Other studies on the complexation between curcumin and iron (Fe(II) and Fe(III)) in methanol or methanol/water mixtures have been reported in the last few decades, showing the formation of complexes with a 1:2 M:L molar ratio where the ligand behaves as a bidentate by chelating the metal ion with the keto-enol moiety [61,62,63,75,76]. Generally, this coordination mode is accompanied by a hypsochromic shift in the UV–Vis spectrum of the complex with respect to the free curcumin [63] as well as by a significant shift (~40 cm−1) in the IR spectrum of the complex of the following vibrations: ν(CO)keto, δ(CO)enol, and ν(C=C) aromatic [62].

6. Conclusions

In this review, experimental and computational results on the ability of some natural antioxidant molecules, NAMs, to form Al(III)– and Fe(III)–complexes are collected.
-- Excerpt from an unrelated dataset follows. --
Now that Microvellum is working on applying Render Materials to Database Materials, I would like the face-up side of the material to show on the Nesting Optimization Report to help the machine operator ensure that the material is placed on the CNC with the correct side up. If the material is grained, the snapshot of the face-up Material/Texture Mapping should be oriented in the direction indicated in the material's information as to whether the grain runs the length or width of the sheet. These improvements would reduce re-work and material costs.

The chelating ability of selected NAMs (i.e., hydroxycinnamic acids (p-coumaric, caffeic and ferulic acids), coumarin-3-carboxylic acid, quercetin, luteolin and curcumin), well known to be effective metal chelators, was investigated in aqueous solution, an environment that better mimics the physiological one. Data collected here evidence that:

hydroxycinnamic acids (pCA, CA, and FA) are able to form more stable complexes with Al(III) than with Fe(III) coordinating the metal ion through the carboxylate site in all cases.
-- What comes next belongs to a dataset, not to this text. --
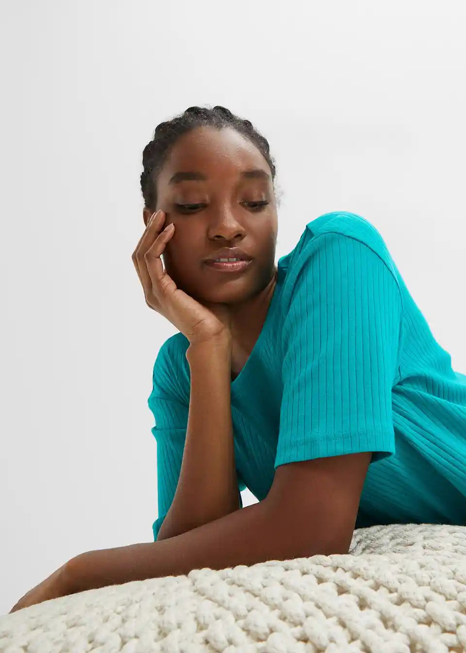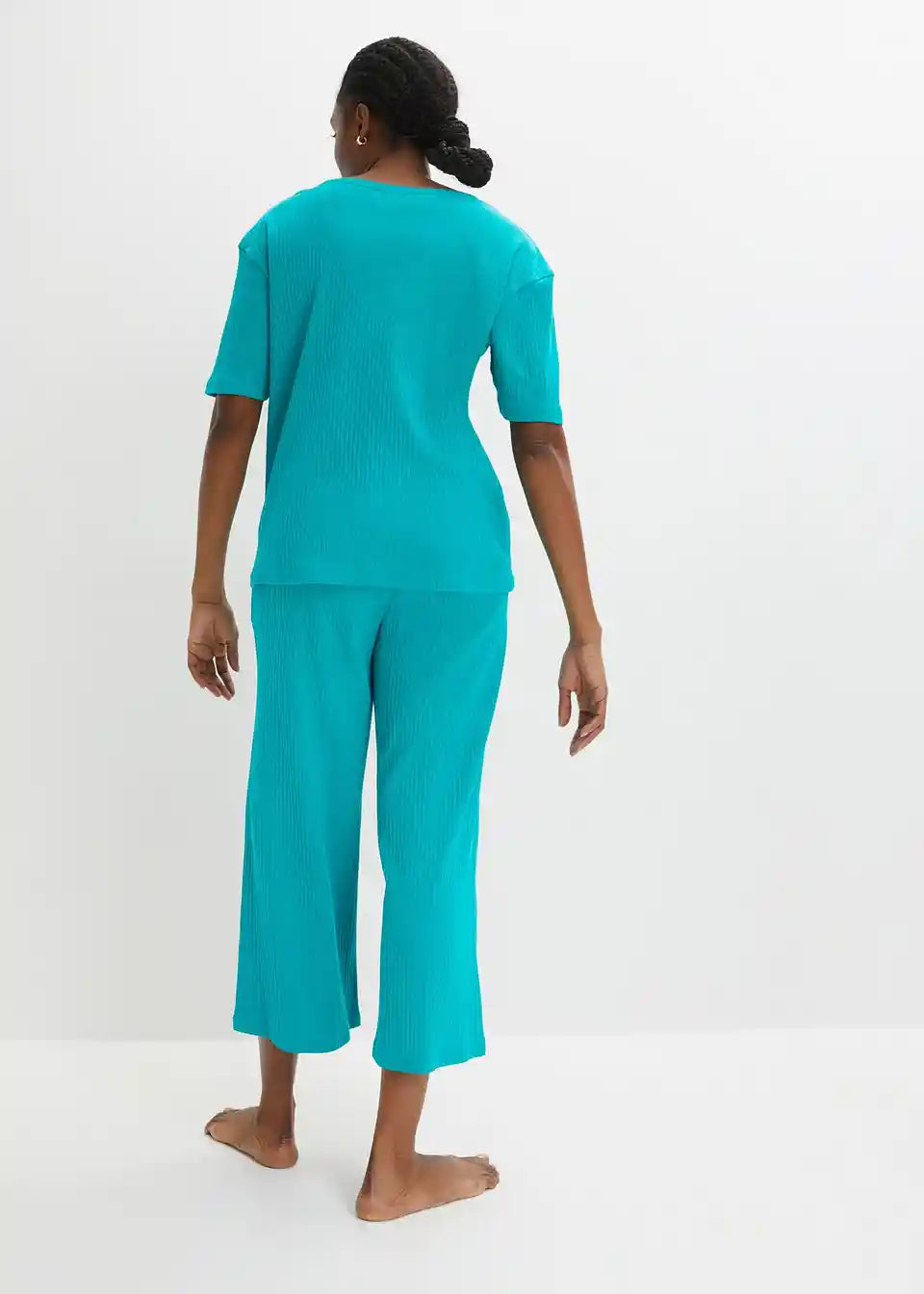 Udobno kućno odijelo od rebrastog materijala s culotte hlačama

coumarin-3-carboxylic acid, similarly, prefers to bind Al(III) rather than Fe(III), forming 1:1 and 1:2 M:L stoichiometric ratio complexes, respectively. Consequently, octahedral complexes with Al(III), involving both carboxylate and lactone moieties, and tetrahedral complex with Fe(III) in a η ligand’s coordination were analyzed.

flavonoids (Que and Lut) formed 1:1 and 1:2 M:L complexes with both metal ions, though they showed a more intricate behavior, as more than one coordination mode was found plausible with both metal ions, making the identification of the preferred coordination site and thus the most probable complex in a water environment, especially in the case of Que, difficult.

Curcumin discriminates well between the two metal ions since it prefers to coordinate Al(III) through the diketo site while the Fe(III) results most probably bound to the guaiacol site.

The excursus of data available for the selected NAMs toward bioavailable Al(III) and Fe(III) metal ions confirms the ability of phenolic compounds to trap metals preventing their accumulation and their harmful action to human health.